From the Priscilla the fire communicated itself to the Josephine, owned by Ira J. Webster of Haverhill, and named in honor of his wife: and from the Josephine spread to the Stanwood, another of Mr. Thayer's cottages. Beyond the Stanwood stood the Pentucket, a summer hotel purchased only a few months before by Mrs. E. M. Fogg of Manchester. This in turn was swept away by the flames, which were only halted in their march northward by I Street. To the south they crossed J street and completely gutted the Hiawatha, owned by Emery J. Smith of Haverhill.

Both of the Beach hose companies were soon on the scene and did good work. Three streams were thrown on the fire. The preasure was weak and the streams were not as powerful as could be desired. The chemical fire wagon came down from Hampton Village, the horses on the gallop, Thomas Cogger at the reins, and aided greatly in protecting adjoining property.

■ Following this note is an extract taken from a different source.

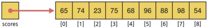 배열은 연속된 저장공간으로 첫 번째 요소의 index는 0이고, 마지막 요소의 index는 9가 된다.
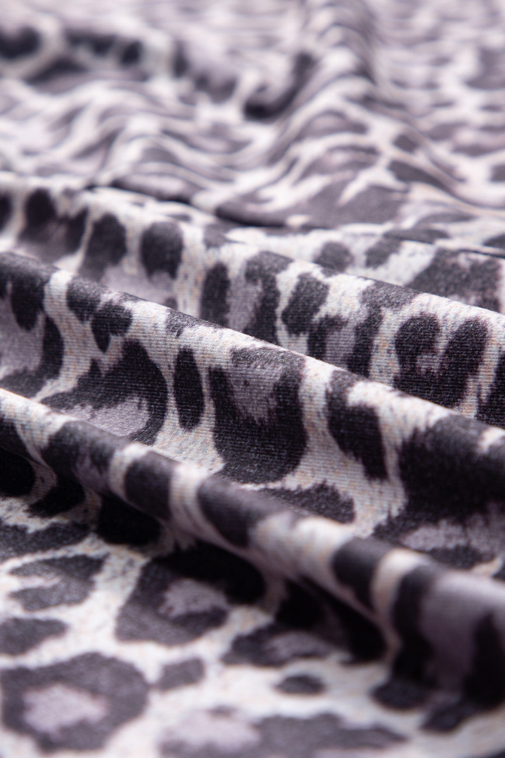 Black Long Sleeve Fitted Bodice Leopard Maxi Dress

Captain Smart and his men from the life saving station rendered efficient service; and the fire ladders, under the direction of such veteran firefighters as L. C. Ring and F. J. O'Dea, waged a winning battle with the devouring element.

Help was proffered from other places, but was not needed. The local men demonstrated that they were amply able to cope with the situation. Amesbury sent down a line of hose, but it was not connected. By eight o'clock was under control.

The fire loss is about $14,000, distributed as follows: W. F. Thayer, Haverhill, $5,000; Ira J. Webster, Haverhill, 2,500; Mrs. E. M. Fogg, Manchester, $5,000; Emery J. Smith, Haverhill, $1,500. This is about two-thirds covered by insurance.

The only accident that comes to our notice is that which happened to Harry I. Noyes, the builder, who was on the roof of the Pentucket, fighting the flames, when he slipped and fell to the ground below, a distance of some fifteen feet. No bones were broken, but the fall severely strained the ligaments of his right foot, and will confine him to the house for several days.

Sensational reports are in circulation as to the origin of the fire, but the most probable explanation is that it caught from the electric wires.

Saturday and Sunday were very warm, causing the wire to stretch; than came the cold snap on Sunday night and Monday, which suddenly contracted them. The high wind which prevailed fifteen miles an hour must have caused the wires to chafe and the continued abrasion may have worn off some of the insulation. This theory is favored by the fact that the fire followed the turning on of the electric currant Monday afternoon by about the space of time that would have required for it to start and get underway.

Had the fire been of incendiary origin it would have been more likely to have come in the night. Firebugs work while honest men sleep.

The fire demonstrated three things: (1) The need of some fire alarm system at the beach. (2) The need of a night man at the pumping station to keep the pressure up to the highest point when a fire is discovered. (3) The fact that the Hampton fire department can do a good job if it has half a chance.

The second Pentucket fire

The Hamptons Union, Thursday, June 6, 1912

The Pentucket, a four story house owned by Mrs. Etta M. Fogg of Manchester, was damaged by fire about six o'clock this morning, from an unknown cause. The Pentucket was burned last fall, with several other houses adjoining, and the fire this morning destroyed the new structure just built on the site. Mrs. Fogg had moved in her furniture and stored it on the top floor yesterday, and it was on that floor that the fire originated, perhaps by a spark from a smoker's pipe which smouldered, and later broke into flames. The upper part of the building and contents were a total loss, but adjoining property was saved by excellent work of the fire company. It was insured in the Continental.